In the context of American public healthcare policy, the Medicaid coverage gap refers to uninsured people who reside in states which have opted out of Medicaid expansion under the Affordable Care Act (ACA), who are both ineligible for Medicaid under its previous rules that still apply in these states and too poor to qualify for the ACA's subsidies and credits designed to allow middle-class Americans to purchase health insurance. The number of Americans in this gap has been estimated to be almost 3 million as of January 2016, according to the Kaiser Family Foundation. The Foundation has also said that 90% of the people in this gap live in the South.

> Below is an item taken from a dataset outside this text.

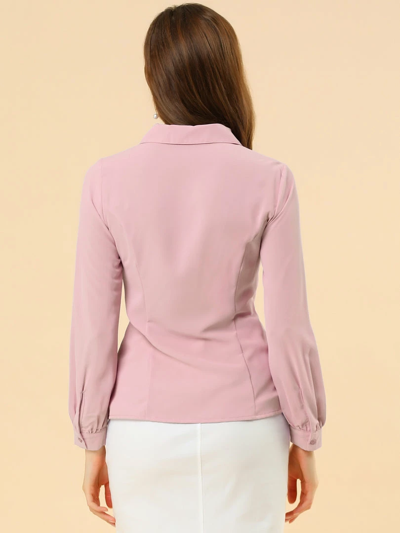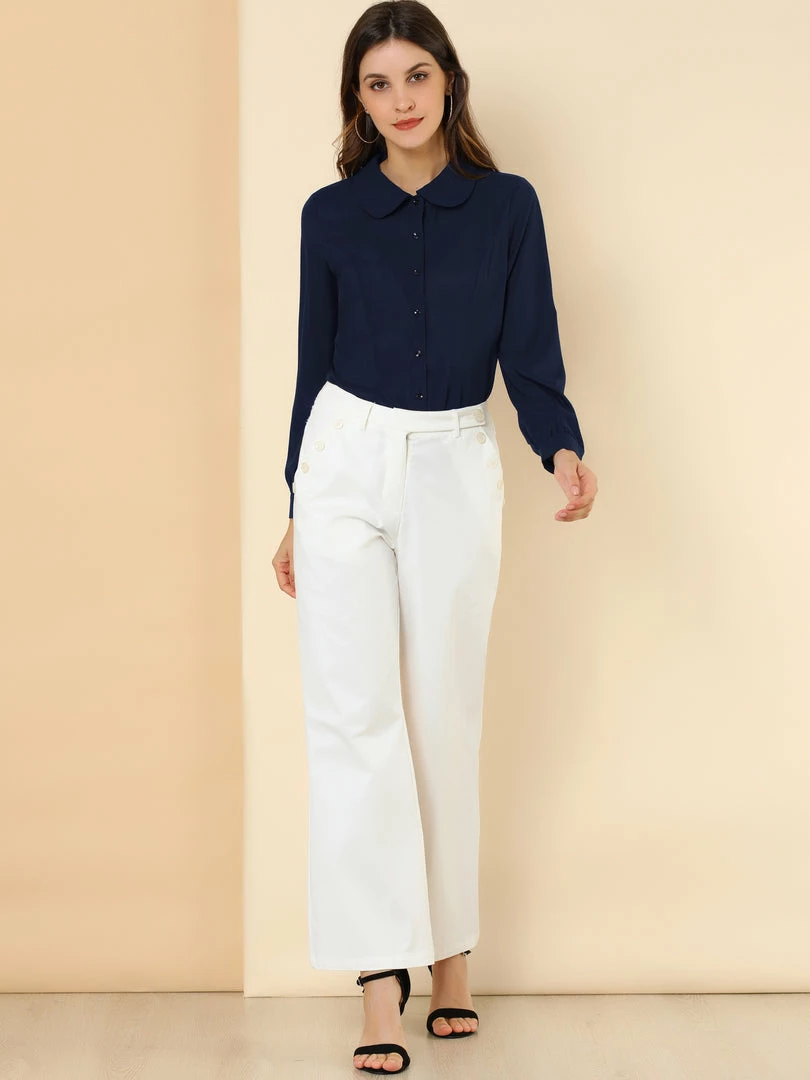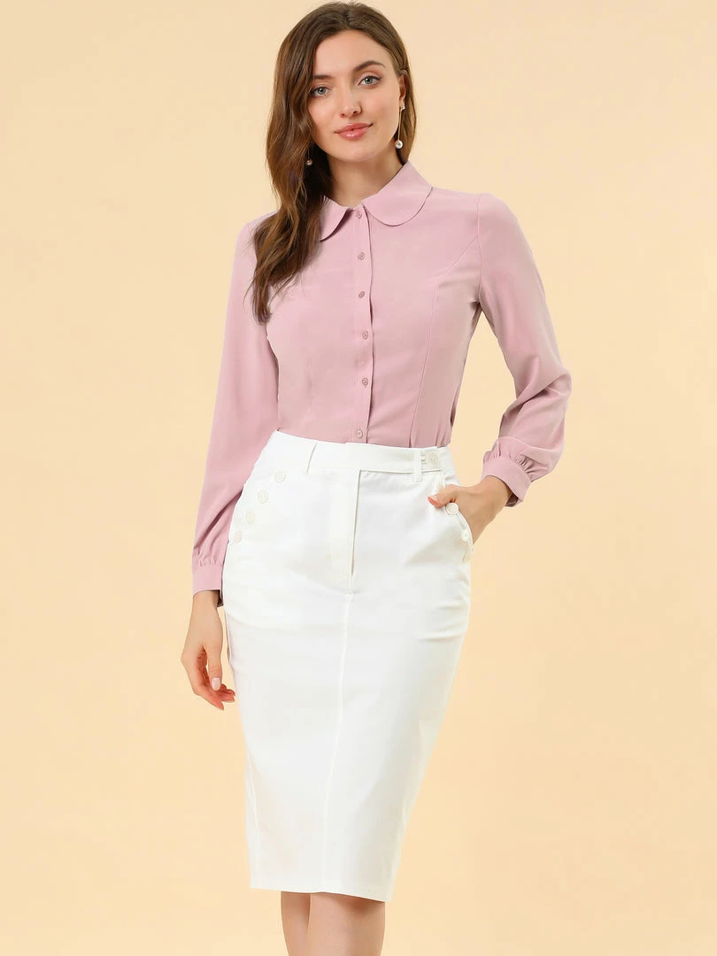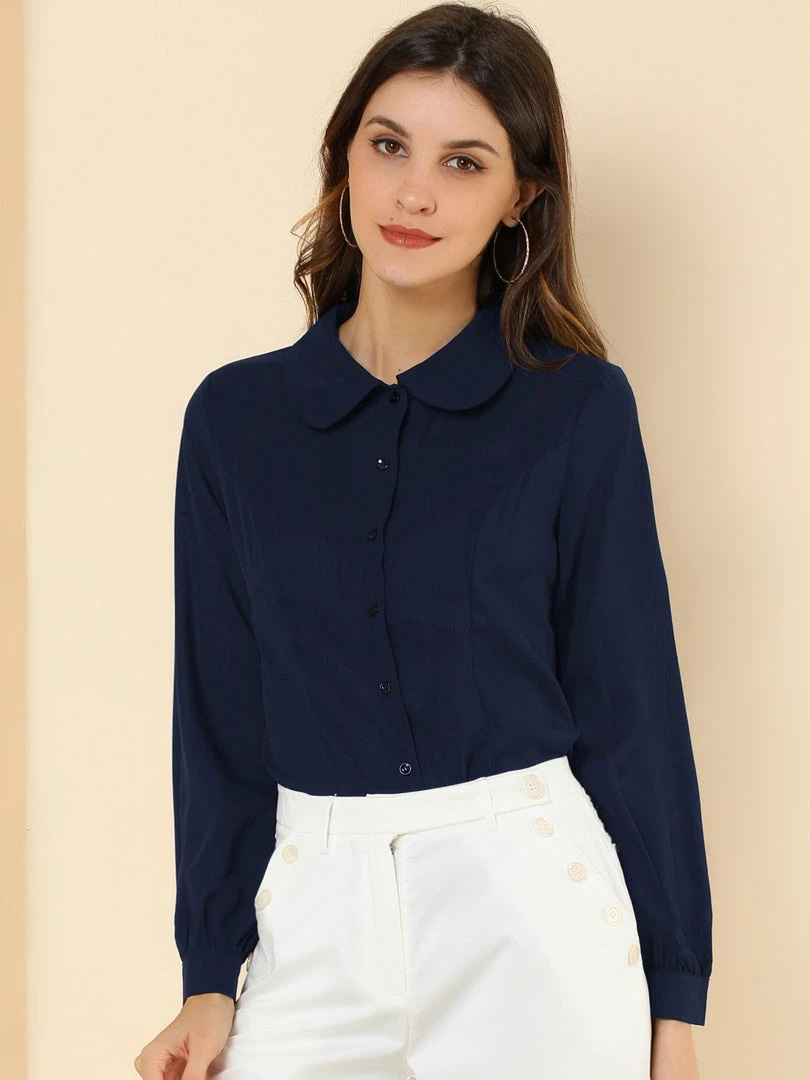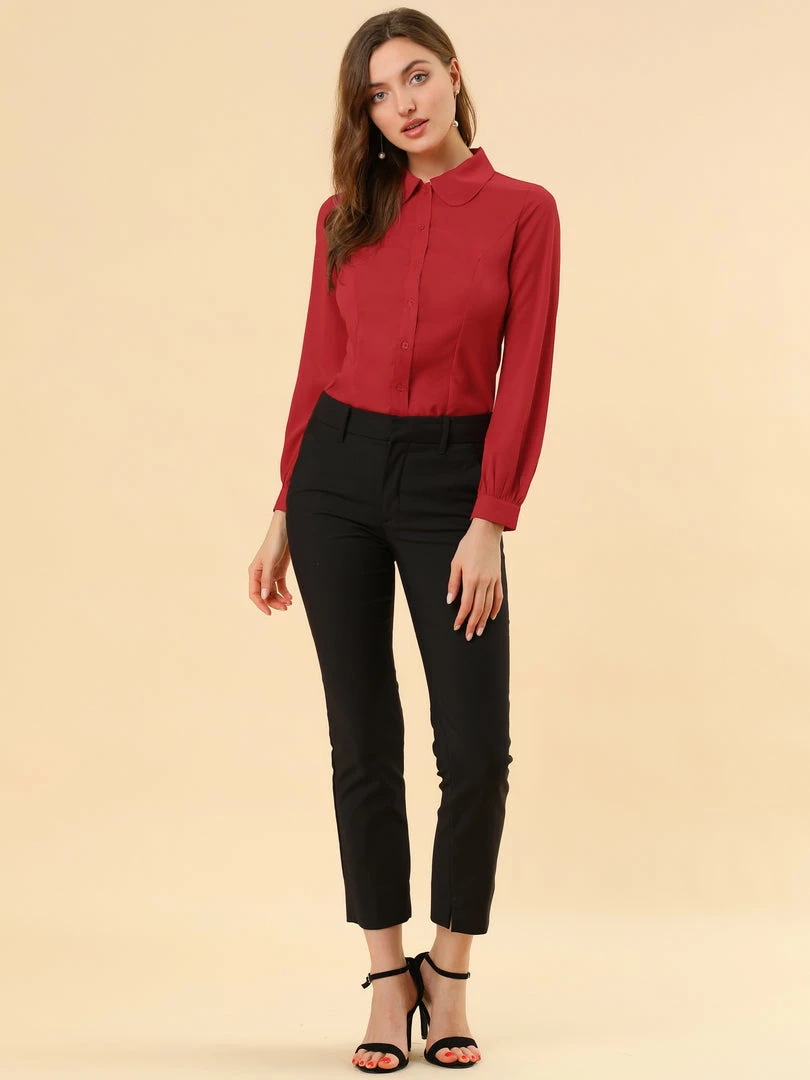 Allegra K Women’s Button Up Shirt Career Peter Pan Collar Long Bishop Sleeve Blouse
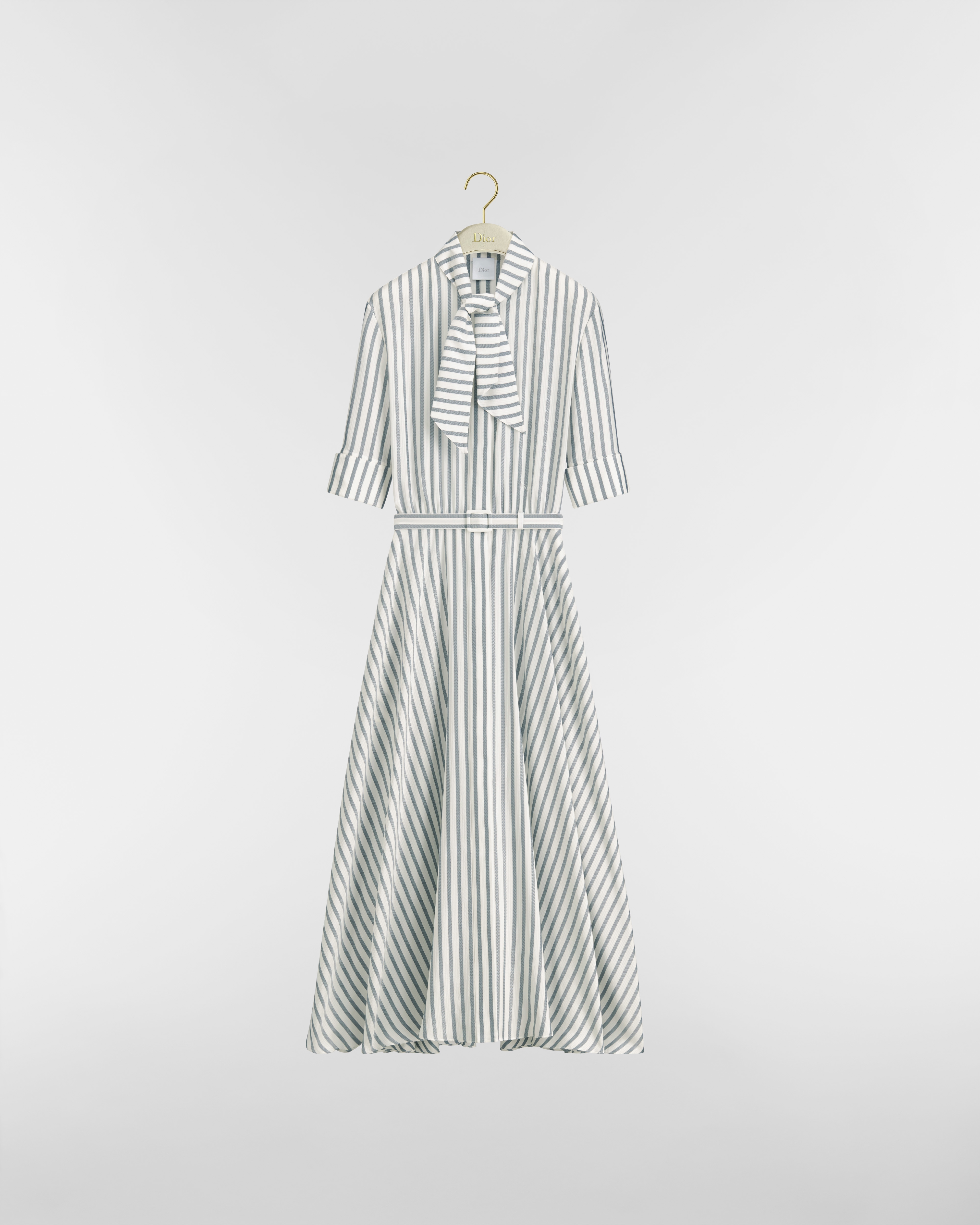 灰色和白色桑蚕丝提花面料 D-Stripes 图案搭配腰带

In states that have not expanded Medicaid, eligibility requirements for Medicaid are limited to parents making 44% or less of the poverty line, and in almost all such states, all adults without children are ineligible. The coverage gap results from this and a number of factors, such as the fact that the ACA was designed so that the poor would receive coverage through Medicaid and so did not include an alternative program for them. For example, as of April 2014, someone living in Texas, a non-expansion state, had to be making less than $3,737 per year to be eligible for Medicaid, and had to make at least $11,490 (if a single person) or $23,550 (for a family of four) to be eligible for ACA subsidies.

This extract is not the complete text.